Oops!!! I can see the reason for your confusion...typo...should read for *non-intact whole muscle meats*, so yes, you're on the right track. Been one of them days...I'll edit the original to avoid future confusion.

Eric


----------



## SmokinAl (Dec 31, 2010)

OK, from reading all your posts, I'm assuming that it's safe to eat Prime rib at 125 degrees internal if it's smoked at at least 225 degrees and the external 1/2 " of the meat is at least 140 degrees. Correct?


----------



## Bearcarver (Dec 31, 2010)

SmokinAl said:


> OK, from reading all your posts, I'm assuming that it's safe to eat Prime rib at 125 degrees internal if it's smoked at at least 225 degrees and the external 1/2 " of the meat is at least 140 degrees. Correct?




I don't want to say 125˚ is safe to eat, but I will say that if it was smoked at 225˚, it is just as safe as if it was cooked at 350˚, as long as it wasn't probed or injected for the first 2 hours.

Bear


----------



## Bearcarver (Dec 31, 2010)

Arnie said:


> OK, I’m sorry,
> 
> 
> 
> ...


Arnie, let me help you beat that horse:

I don't know where the safety border line is---180˚--190˚--200˚, or whatever, All I will say is when I do my Prime Rib, I keep the temp at 225˚/230˚ the whole time. I do not inject it, and I do not put the meat probe in until after the first 2 hours. When it is done, it is a nice juicy red/pink from bark to bark. There is nothing but pink inside, so what would smoking it at 180˚ accomplish.

Check the pics of my Prime Rib, by clicking below on "Prime Rib".

Bear


----------



## rw willy (Dec 31, 2010)

Sounds like it!  Just be aware of your temp probe placement.  I'm guessing that 125 in the center of a bone in roast is not 125 a bit lower by the bones.

Are we going to see any Qview for this project?  I want to see the cut version of a 125 roast.

Thanks


----------



## rw willy (Dec 31, 2010)

BearC makes good points.  Thats the beauty of low/slow.  Consistent pink through out the roast.  Like I said early on.  Eat Tartare or cook it.


----------



## Bearcarver (Dec 31, 2010)

SmokinAl said:


> OK, now I have a question. Is it alright to eat beef at 120-125 degrees internal, which is how we like it. I guess if you go by the 40-140 rule as long as we eat it, from fridge to stomach in less than 4 hours were OK. Is that right?




LOL---Fridge to stomach in 4 hours---Thanks for my daily laugh Al---I needed that. 
	

	
	
		
		



		
		
	


	





Hmmm, after we eat it, we'll keep it at 98.6˚ for pretty long too.  Back to the drawing board !

Thanks Al,

Bear


----------



## forluvofsmoke (Dec 31, 2010)

Al, that does have good dose of comic relief, as Bear mentioned.

I don't know that I'd deliberately eat beef at 125* or lower...I can say that up to this point in time, I never have.

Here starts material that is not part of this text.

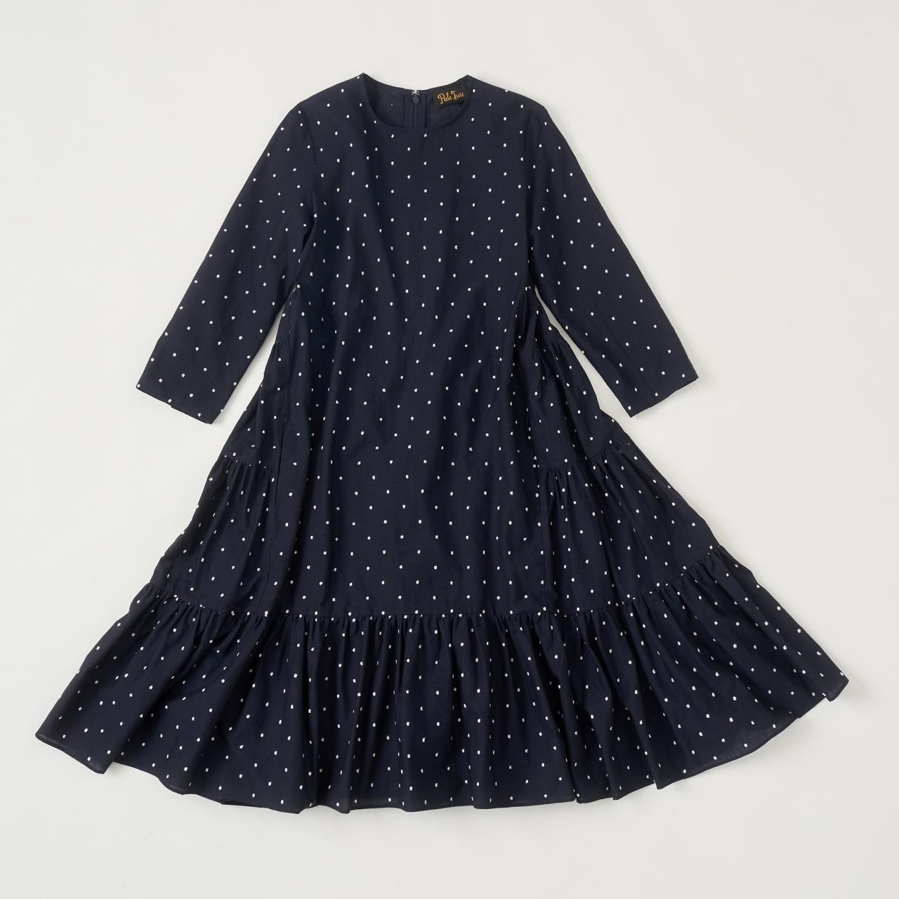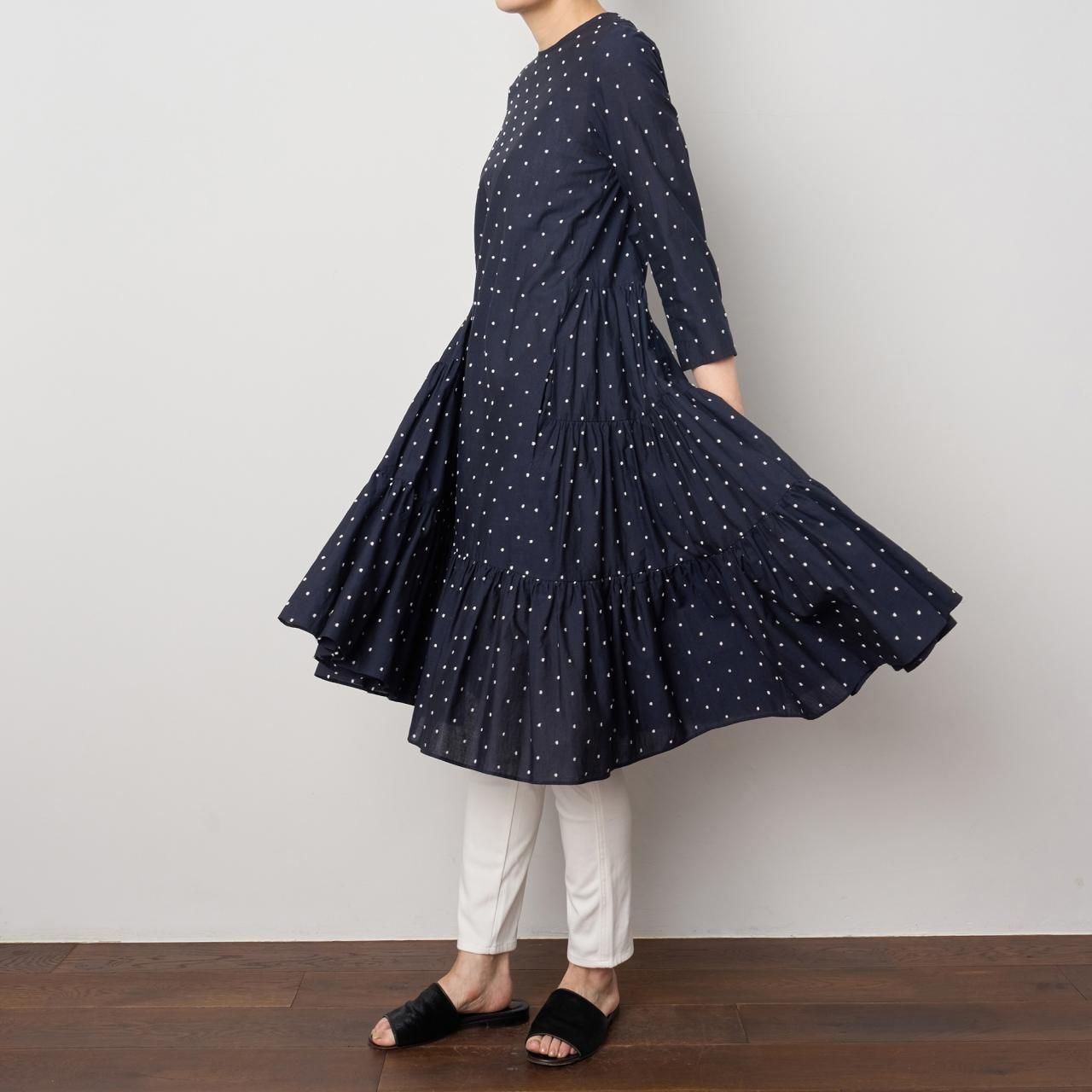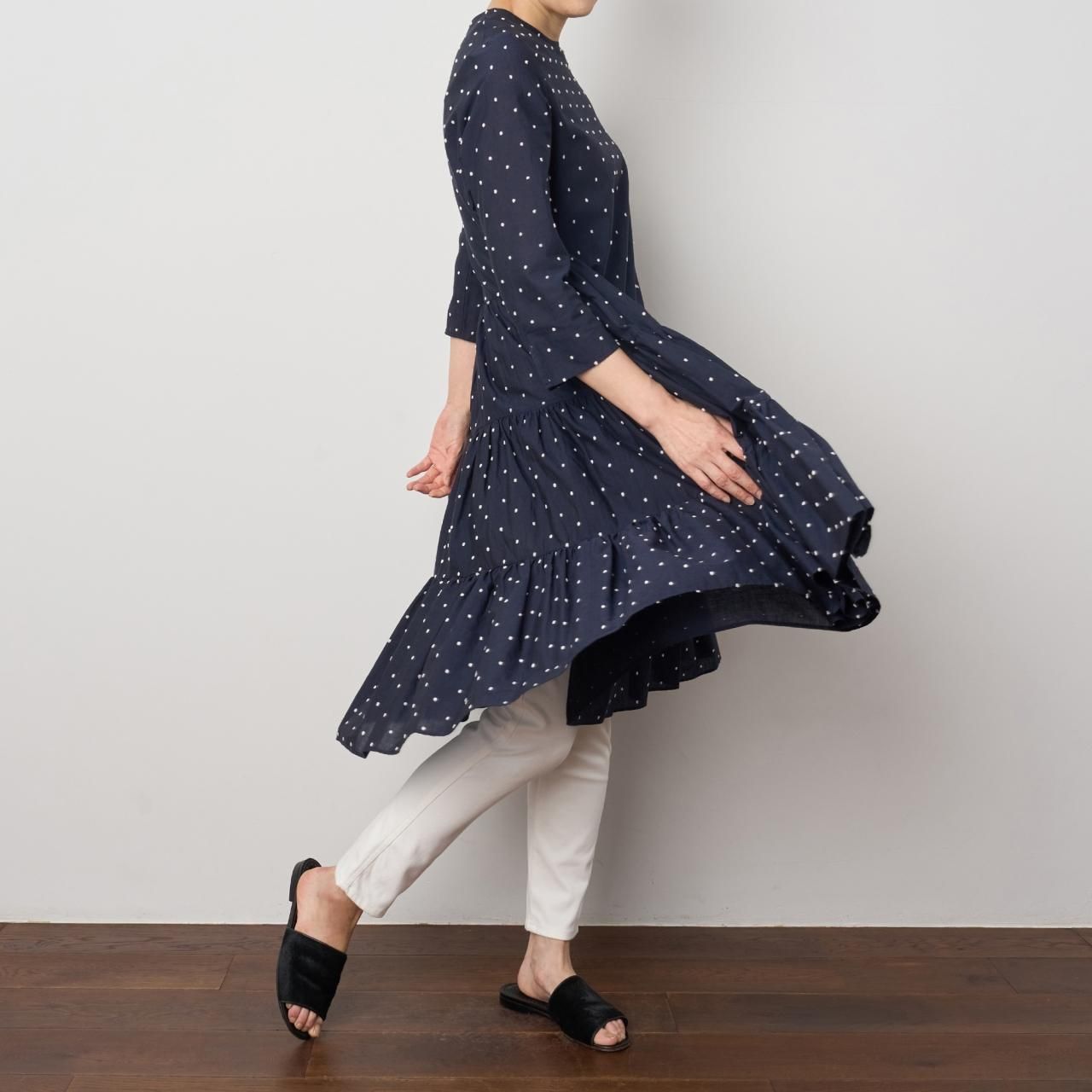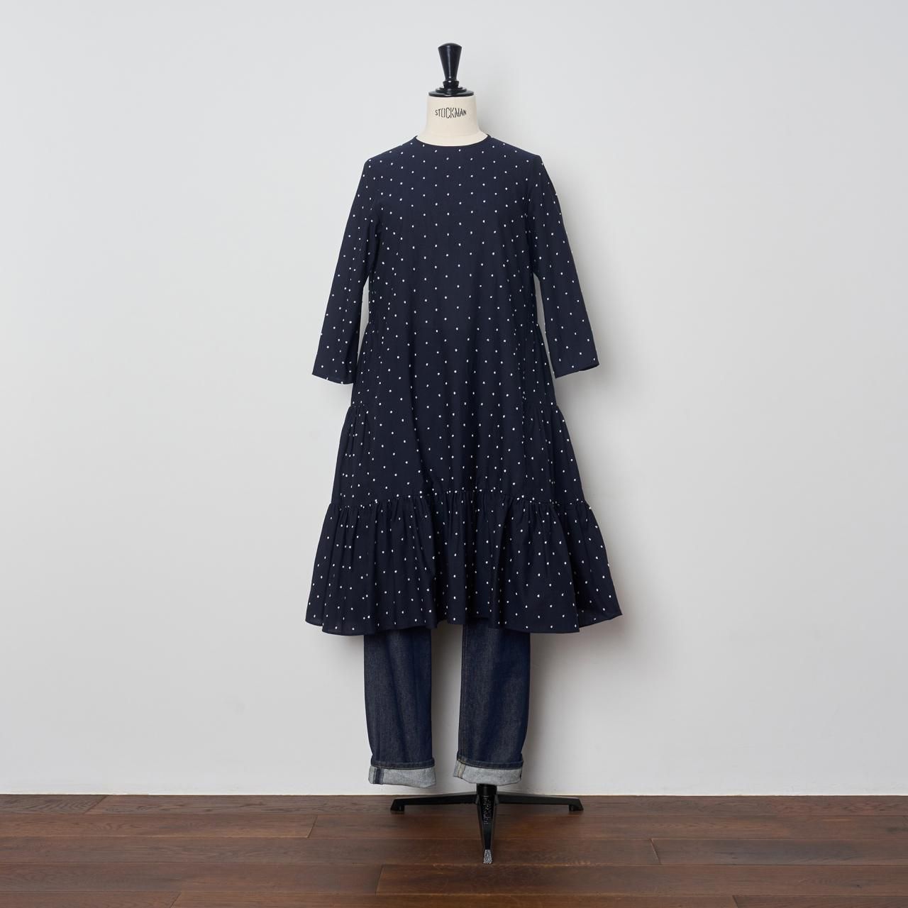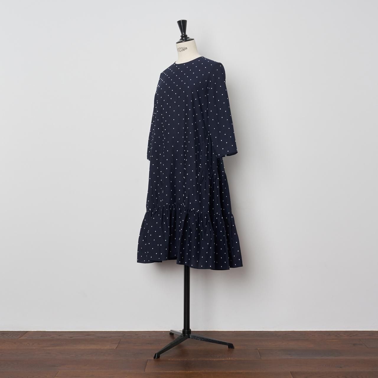 小さなドット模様が凹凸に織り込まれた、綿麻素材の生地のワンピースです。

USDA doesn't even recommend cooking to rare temps with beef. They list 145* for med/rare in these fact sheets:

This sheet shows the reommended safe internal temps for all types of flesh-based foods HERE  (looking 1/2 way down the page for the chart).

And in this article, sub-titled "cooking", again, 1/2 way down the page HERE.

It's med/rare to med beef for me, but that's the way I've always liked my beef. I don't see any real benefit in cooking to 10 or 20* lower temp, as the juices of the beef are plentiful even at medium temps.

Eric


----------



## chefrob (Dec 31, 2010)

for me and my customers a "145" mid rare doesn't fly.............i'd get send backs all night long. while i'm not i big fan of tare tare, i do like a good carpaccio.


----------



## Bearcarver (Dec 31, 2010)

chefrob said:


> for me and my customers a "145" mid rare doesn't fly.............i'd get send backs all night long. while i'm not i big fan of tare tare, i do like a good carpaccio.


LOL----Many moons ago, when I was in my 20s, I ordered a steak Med/Rare at one of those cheap steak joints (The Rustler).

Everybody else's steak was brought to the table before mine was----I couldn't figure out why that could be.

Then I saw why---They brought me a well done piece of crap. I made my usual little cut in it to be sure.

I called the waiter over and told him I had ordered it Med/Rare. He agreed, and took it back to the grills.

I little while later they brought me a steak---It looked well done too!!

I flipped it over, and sure enough, there was the cut I had made in it the first time they brought it to me (The same steak!).

I picked it up, took it to the door that said "Manager" on it, and I knocked.

I asked the guy who came to the door if he was the Manager. He said he was.

I told him what had happened, and asked him if he knew any way that you could turn a well done steak into a Med/Rare steak.

He asked the guy why he sent the same one back to me. He said he didn't. But the little cut I had made???

He said he made that cut, and he had thrown the one I sent back away.

The Manager asked him which trash can he threw it in. He said, "None of these---I took it out to the dumpster".

So we are to believe he personally carried one steak out across the parking lot to the dumpster, with my cut in it.

The Manager made me one exactly the way I wanted it.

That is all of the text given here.